Kuaishou’s KeLing AI spin‑off talk puts $20bn valuation under the microscope as AI short‑drama boom drives revenue
Spike in revenue, spin‑off reports
Kuaishou (快手) put its AI unit KeLing AI (可灵AI) front and center in its 2026 Q1 results, with the company saying KeLing’s quarter revenue exceeded ¥650 million and that its March annualized recurring revenue (ARR) ran near $500 million — roughly four times the ARR a year earlier. It has been reported that Kuaishou is evaluating a full split of KeLing and a Pre‑IPO round that would peg the business at about $20 billion with roughly $2 billion of financing, and that Tencent (腾讯) is a potential investor; the company has said restructuring plans are still preliminary.
Kuaishou’s overall scale is relevant. The group posted Q1 revenue of ¥33.716 billion with daily active users of 413 million and monthly active users of 772 million, yet the group’s market value was about HK$1,940.5 hundred million (roughly $24.9 billion) at the time of reporting — meaning a $20 billion KeLing valuation would materially reframe the parent’s equity story. If KeLing stayed inside the listed vehicle it could be constrained by legacy financial metrics; spun out it might command a higher multiple. But is $20 billion realistic?

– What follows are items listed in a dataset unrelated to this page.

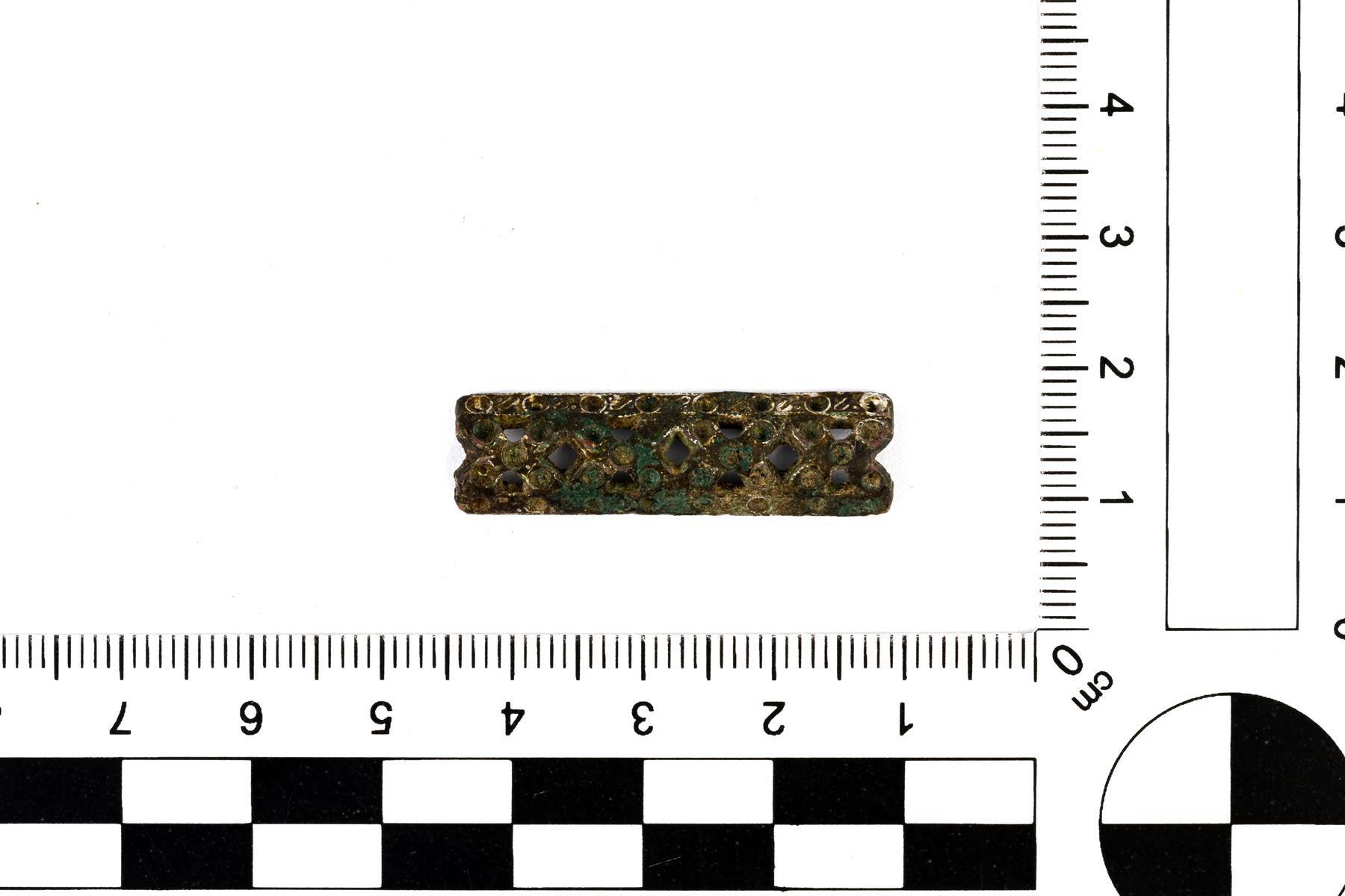 Hopeoitu kupariseoshela. Koristeltu vinoneliönmuotoisilla reikäkuvioilla, pyöreillä pisteillä ja viivoilla. | |
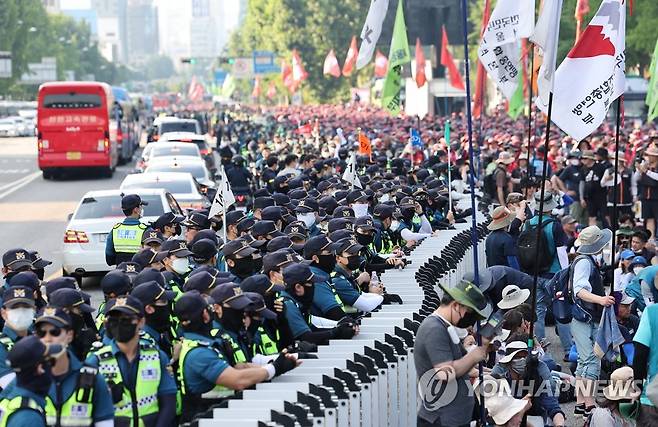 (서울=연합뉴스) 임헌정 기자 = 2일 민주노총 전국노동자대회 참가자들이 서울 용산구 삼각지역 인근에서 정리 집회를 하고 있다. 2022.7.2
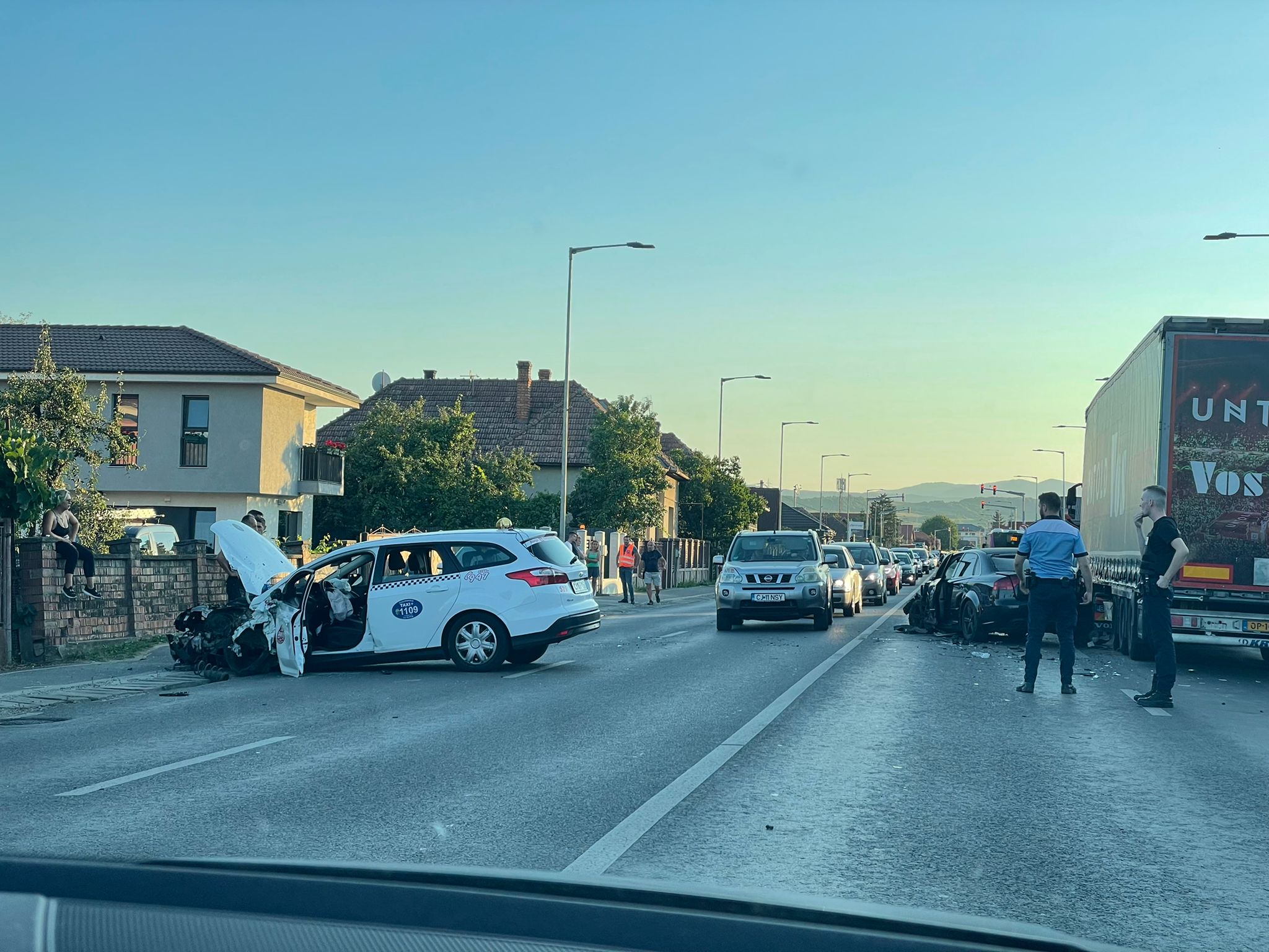 Accident grav, cu șase mașini implicate, produs pe strada Avram Iancu din Florești - FOTO
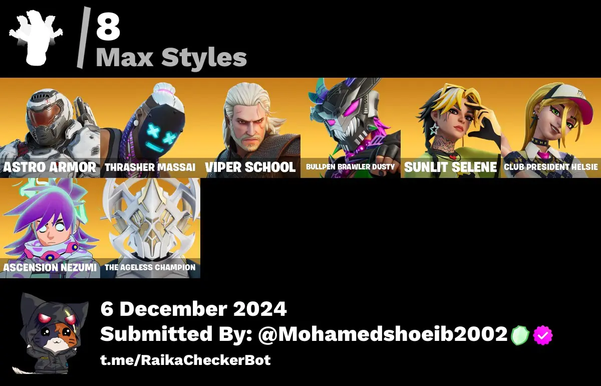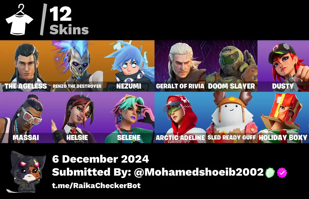 [PC/PSN/XBOX] 12 skins | The Ageless | Renzo the Destroyer | Nezumi | Geralt of Rivia | Doom Slayer | Dusty | Massai | Helsie | Selene | 200 VB
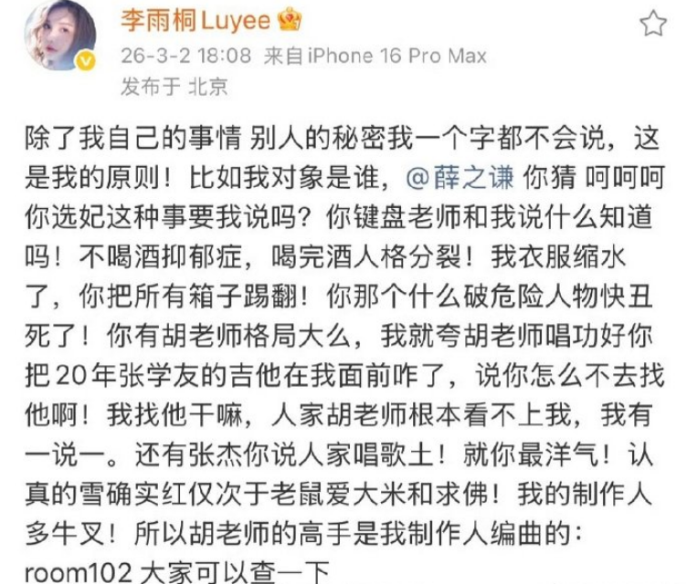 據(jù)了解,李雨桐爆料薛之謙私下評(píng)價(jià)張杰“唱歌土”,進(jìn)一步激化矛盾。
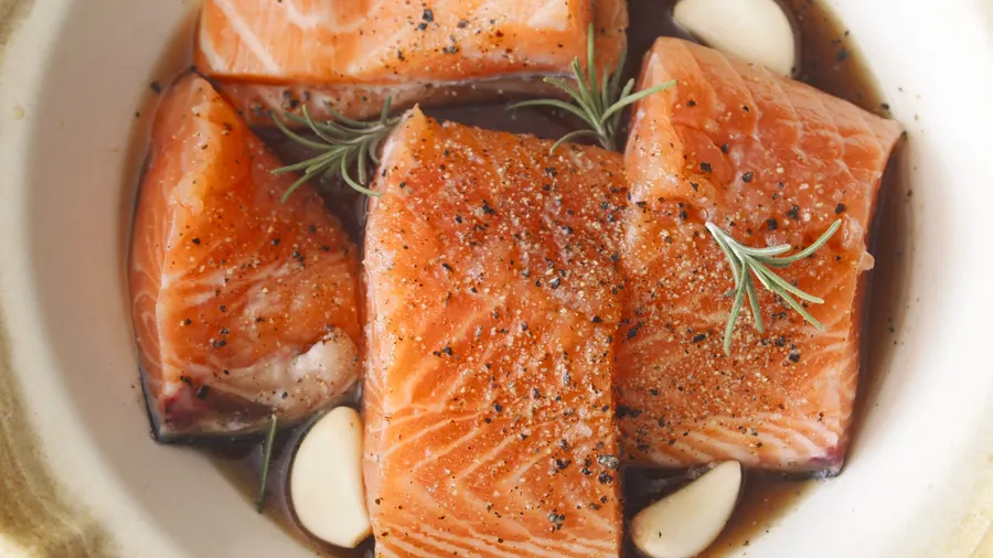Clean the salmon fillets, put them in a bowl and season with salt and pepper.
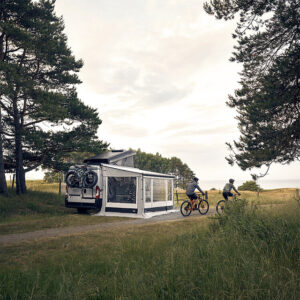 Je nach Markisenlänge variiert das Design der Vorderwand des Zeltes. Große Fensterflächen lassen sehr viel Licht herein und schaffen ein zusätzliches Gefühl der Weite.
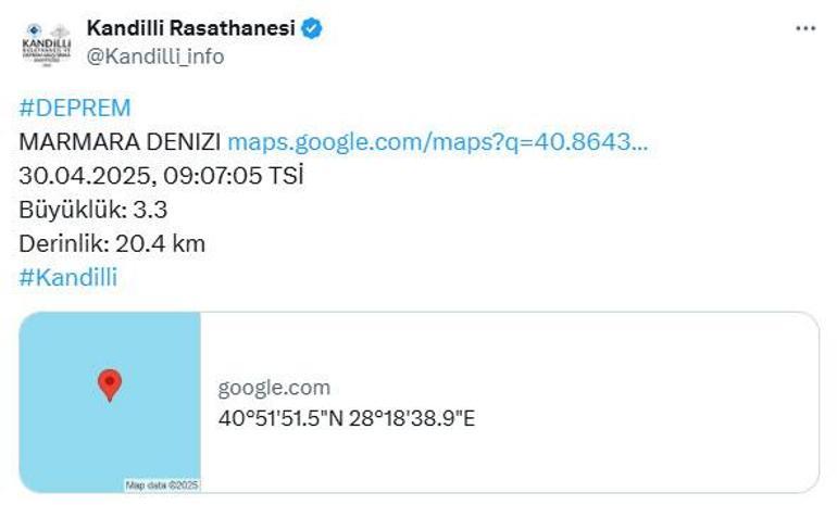 Kandilli Rasathanesi, Marmara Denizi’nde 3.3 büyüklüğünde zelzele meydana geldiğini duyurdu.
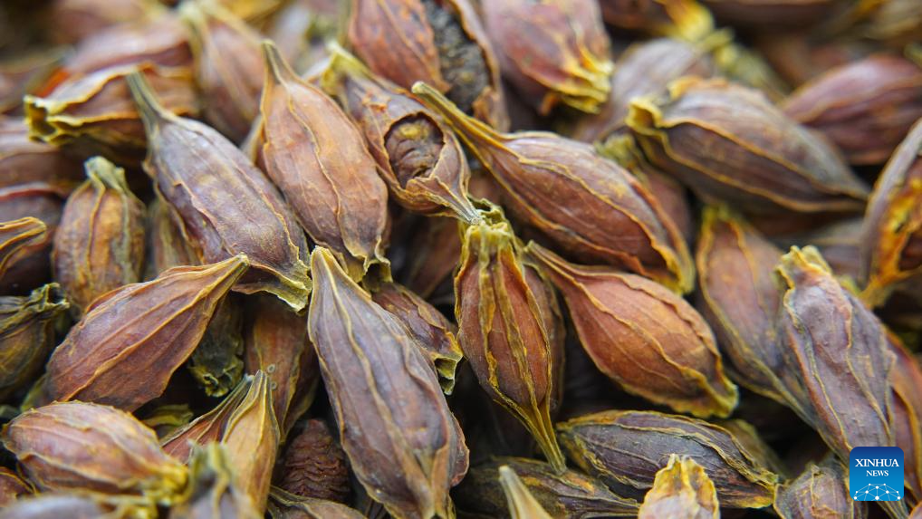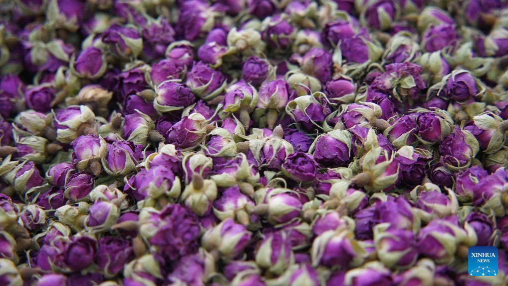 This photo taken on Sept. 18, 2025 shows herbal materials for herbal tea at Metkasim Manglik's herbal tea shop in Qira County, northwest China's Xinjiang Uygur Autonomous Region. (Photo by Miragul Memetreyim/Xinhua)

Valuation method and competitive risks
Analysts and investors are split. Some argue a standalone listing would better reflect KeLing’s growth and allow independent incentives; others caution that the rumored $20 billion price tag appears to rely on a forward ARR target (reportedly about $130 million quarterly ARR or $1.3 billion annualized next year) rather than current ARR — a method that industry participants warn can overstate value if targets slip. It has been reported that KeLing is in talks with major dollar‑denominated funds and industry partners (KKR, Tencent among names mentioned), but precise syndicate details remain unconfirmed.
Competition is fierce. ByteDance (字节跳动)‑backed Seedance and other players such as Zhipu (智谱) and Minimax are aggressively pursuing the same short‑form video and AI‑driven “short‑drama” market, where AI production tools have exponentially increased supply and ad spending. Seedance reportedly controls around 80% of the market versus KeLing’s roughly 10%, with different pricing and sales models — Seedance at a higher, pro‑service price and KeLing often accessed through reseller discounts. As KeLing derives about 70% of its revenue overseas, the unit’s future will also be shaped by global export controls and US‑China tech tensions that affect chips, models and cross‑border partnerships.